July 27, 2011 10:52 by juliecoxcid

Twenty-two chiropractic doctors and students joined at the beautiful Hyatt Boston Harborside Hotel for a weekend of hands-on and academic experience. Lead by Dr. Ralph Kruse, the doctors from Norway to Illinois to Connecticut to Canada heard about the history of Cox Technic, saw videotaped cases of Dr. James Cox, the developer of Cox Technic Flexion Distraction and Decompression spinal manipulation, applying Cox Technic protocols from the spinal manipulation to ancillary therapies and exercise, gained insights into the biomechanics of flexion distraction based on federally funded HRSA grant studies and the clinical outcomes of flexion distraction, and felt how the proper application of Cox Technic should feel as both the doctor and patient. Always an amazing finding is how small the motion is to get the desired effect. One to 2 inches of motion from the treatment starting point is all it takes. There is no need or desire for 16° of flexion when applying flexion distraction properly. Further, dropping intradiscal pressures on the DRG is important. Pain is when there is more than 20mm of pressure on the DRG nerves according to Takahashi.

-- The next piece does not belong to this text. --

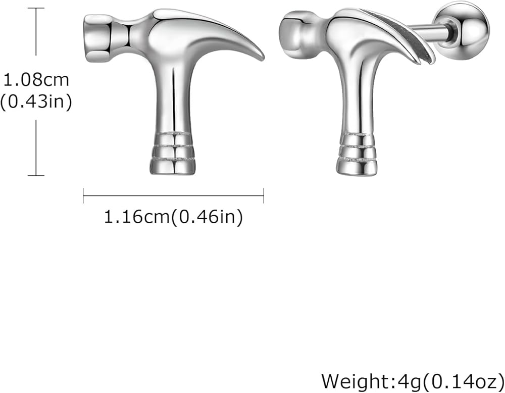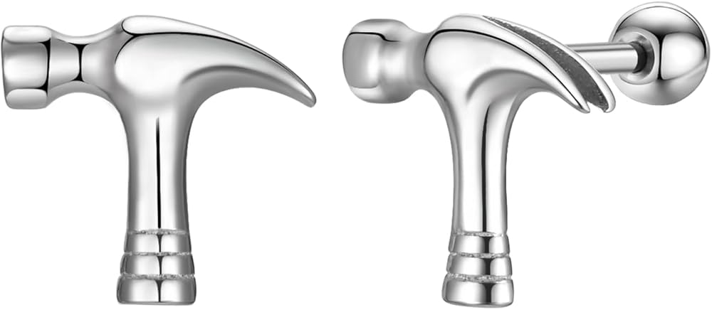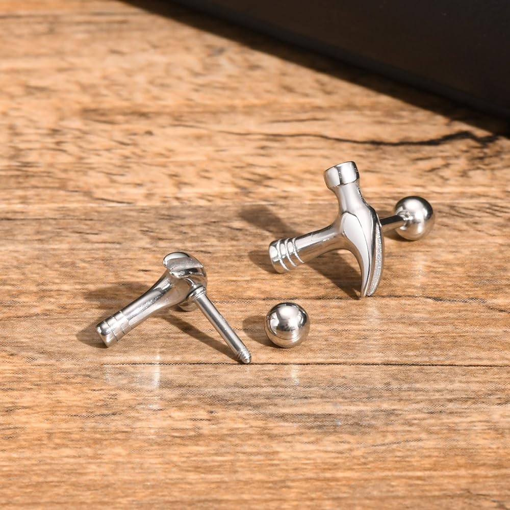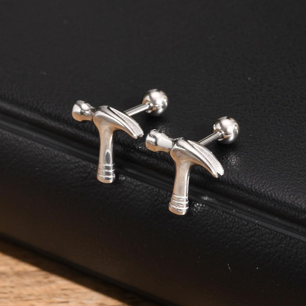 Hammer Tool Design: Featuring a creative hammer motif, these earrings offer a cool, industrial aesthetic that symbolizes strength and skill.
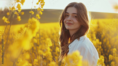 Dziewczyna z długimi włosami w polu rzepaku

You get the latest research presented in concise form, as well as individual hands-on with the technique that is invaluable. When’s the last time a seminar day flew by? Good stuff.”

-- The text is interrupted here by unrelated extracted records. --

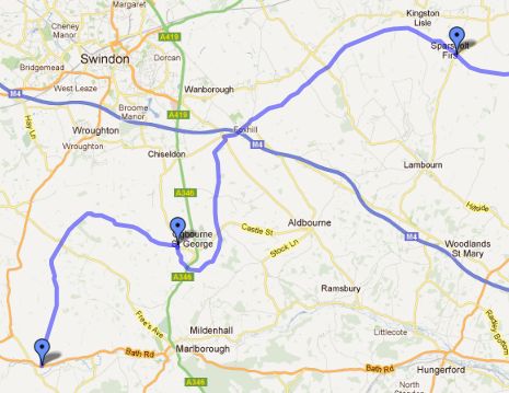 This above map shows the Ridgeway path. We will from Uffington Castle, which is just west of Kingston Lisle, to Avebury which is a little before and west of the final marker on the map. We will cut out the loop under Ogbourne St George as we are stopping for lunch and a sing at the Inn with the Well which is in Ogbourne St George itself.
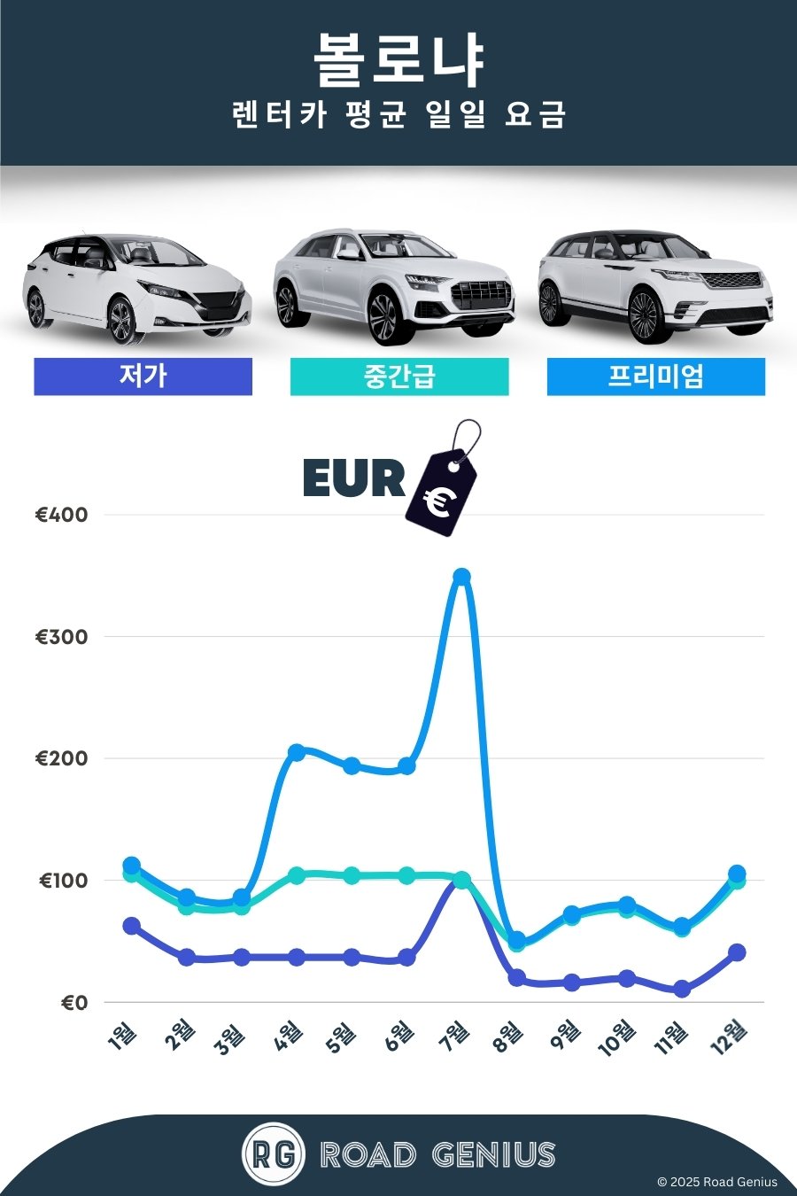 평균적으로 볼로냐에서 렌터카 요금은 하루에 약 €85이며, 최저가는 하루에 €11부터 이용할 수 있습니다.
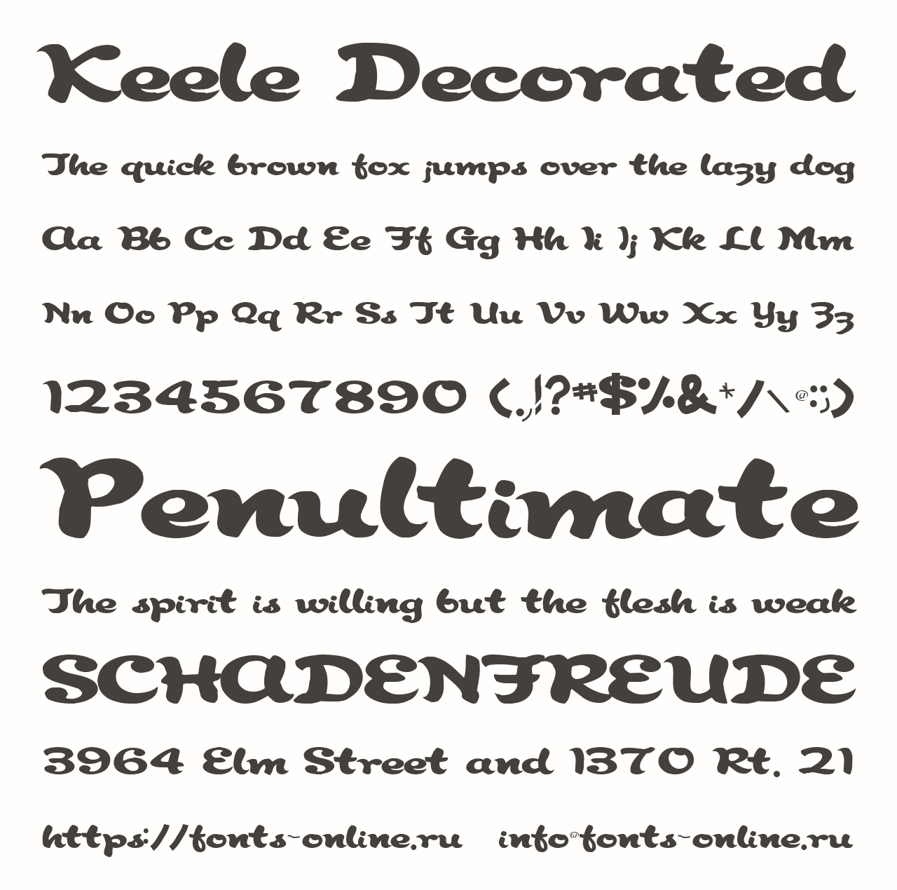 Шрифт Keele Decorated. Гарнитура содержит 1 файл и поддерживает 39 языков. Можно использовать в коммерческой и не коммерческой деятельности.

– Boston Part I (7/11) attendee comment on evaluation form

So consider joining the next Cox Technic Part I Certification Course in San Diego on September 9-10, 2011. You’ll be amazed at today’s 21st century, gentle, evidence-based, effective clinical protocols of Cox Technic that have evolved since you took it in school or heard about it from a colleague!

Check the website for more information on Cox Technic and on the seminars we offer. Then, contact us with any questions.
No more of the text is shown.